(Collected data entries)

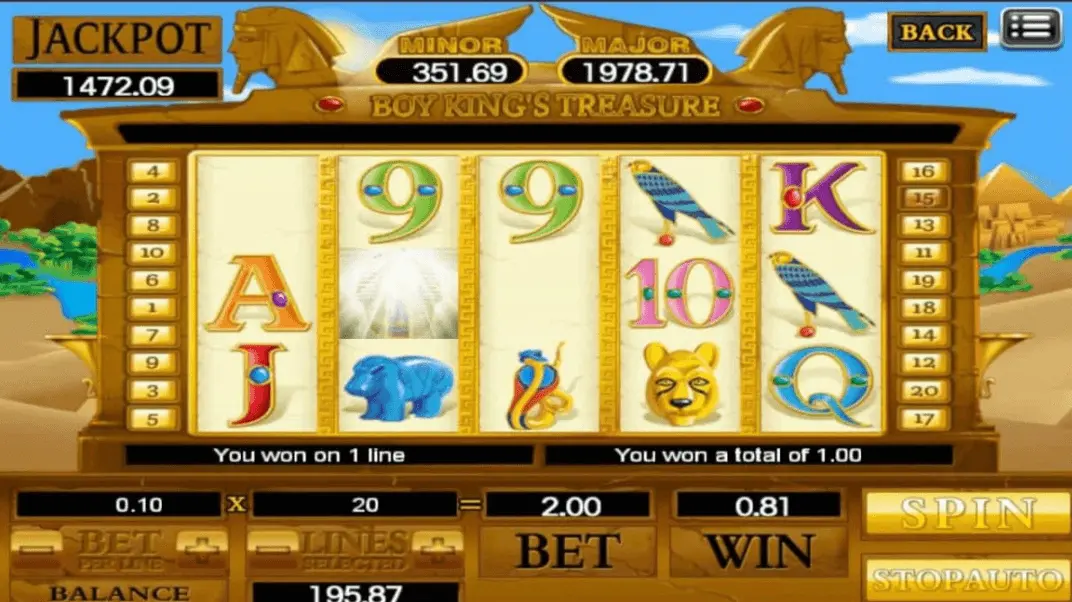 Boy King’s Treasure slot stands on Ancient theme, though you will be able to detect details of Egypt, Pharaoh, Fantasy, Adventure topics as well. Definitely, in case you take delight in some of recent online slot thematics – experience you get from discovering all features of this slot will be really phenomenal.
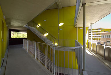into a basket. It contains 79 rental apartments and 14 service apartments for young handicapped people.
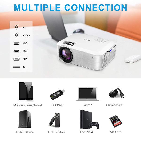 - 【MULTIMEDIA PORTABLE PROJECTOR】The photo projector is compatible with PC, laptop, iPad, iPhone and Android phones, Amazon Fire TV Stick, Chromecast, Xbox, and PS4. So this projector is fit for playing videos, TV series, photos sharing, football matches, etc.
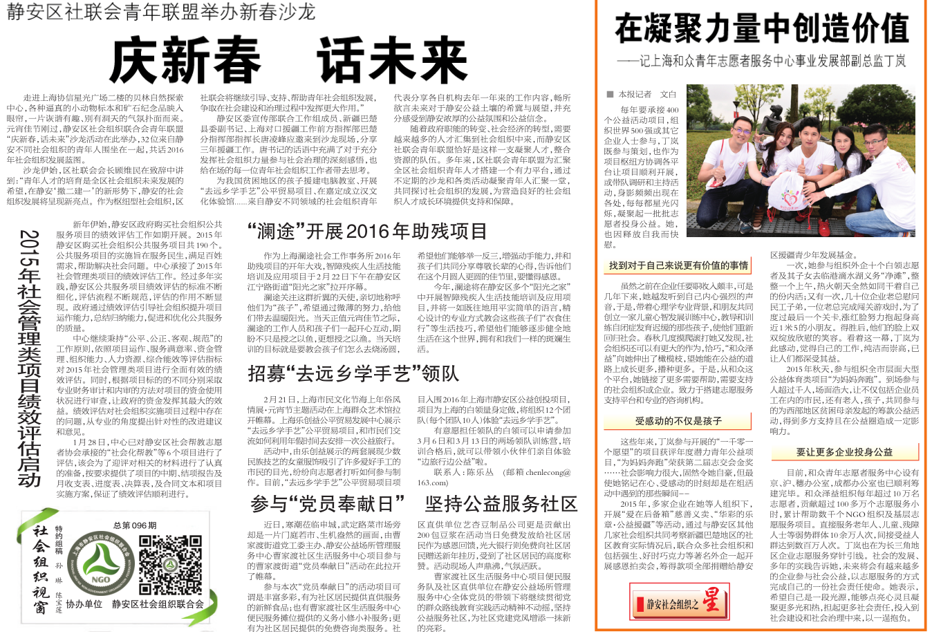 随着政府职能的转变、社会经济的转型,需要越来越多的人才汇集到社会组织中来,而静安区社联会青年联盟恰好是这样一支凝聚人才,整合资源的队伍。多年来,区社联会青年联盟为汇聚全区社会组织青年人才搭建一个有力平台,通过不定期的沙龙和各类活动凝聚青年人汇聚一堂,共同探讨社会组织的发展,为营造良好的社会组织人才成长环境提供支持和保障。
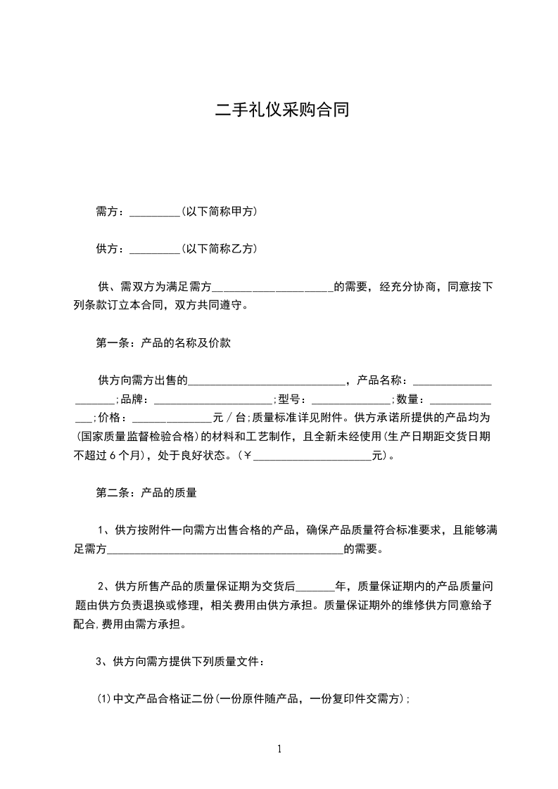 礼仪服装采购合同

__Your goal__.
All lines above are to be restated word for word, with pictures excluded.

__Written response__.
 Boy King’s Treasure slot stands on Ancient theme, though you will be able to detect details of Egypt, Pharaoh, Fantasy, Adventure topics as well. Definitely, in case you take delight in some of recent online slot thematics – experience you get from discovering all features of this slot will be really phenomenal.
into a basket. It contains 79 rental apartments and 14 service apartments for young handicapped people.
 - 【MULTIMEDIA PORTABLE PROJECTOR】The photo projector is compatible with PC, laptop, iPad, iPhone and Android phones, Amazon Fire TV Stick, Chromecast, Xbox, and PS4. So this projector is fit for playing videos, TV series, photos sharing, football matches, etc.
 随着政府职能的转变、社会经济的转型,需要越来越多的人才汇集到社会组织中来,而静安区社联会青年联盟恰好是这样一支凝聚人才,整合资源的队伍。多年来,区社联会青年联盟为汇聚全区社会组织青年人才搭建一个有力平台,通过不定期的沙龙和各类活动凝聚青年人汇聚一堂,共同探讨社会组织的发展,为营造良好的社会组织人才成长环境提供支持和保障。
 礼仪服装采购合同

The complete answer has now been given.